Prison program affirmed as unconstitutional


A U.S. Appeals Court upheld a ruling that a Christian-based prison rehabilitation program is unconstitutional.

A coalition of religious and civic leaders devoted to the separation of church and state filed a suit on behalf of inmates, their families and taxpayers. They alleged that the program used by the Newton Correctional Facility in Iowa, which must be completed before inmates are eligible for parole, was unconstitutional.

On Monday, the U.S. Court of Appeals in St. Louis affirmed a lower court ruling in the case of Americans United v. Prison Fellowship Ministries, although it reversed the court’s ruling that Prison Fellowship had to reimburse the government the $1.5 million it had received from the prison.

The program “used taxpayer money to pay for what one of the defendants described as a ’24-hour-a-day, Christ-centered, biblically based program that promotes personal transformation of prisoners through the power of the Gospel,’ ” said Deborah Lauter, the Anti-Defamation League’s director of civil rights.
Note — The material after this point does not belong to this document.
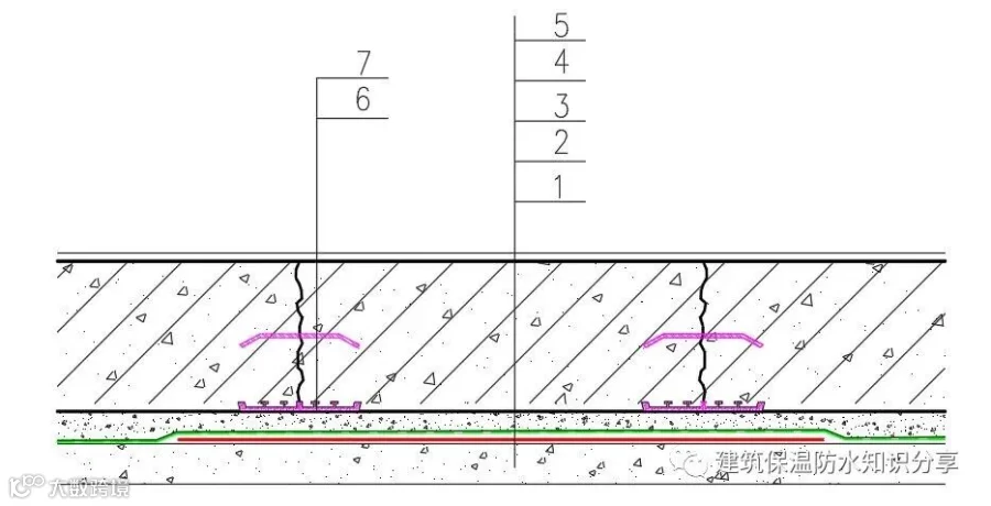 问题:写出图中 1项至7项代表的构造名称。(表示为1-基层垫层)

The ADL filed an amicus brief in the case, as did the American Jewish Congress.

Marc Stern, the AJCongress’ general counsel, said that had the prison offered a variety of programs, even if some were religious, they would not have been deemed unconstitutional because inmates would have had a choice.

The decision was also praised by the Orthodox Union, which generally has been supportive to lower the church-state wall. “The Orthodox Union has long been a champion of sensibly structured government support for faith-based social welfare and educational programs,” said Nathan Diament, the director of the O.U.’s office in Washington. “From our perspective, a necessary constitutional element to structure such support is for beneficiaries/participants in such programs to have their religious liberty protected by having genuine independent choice among programs providing the particular service.”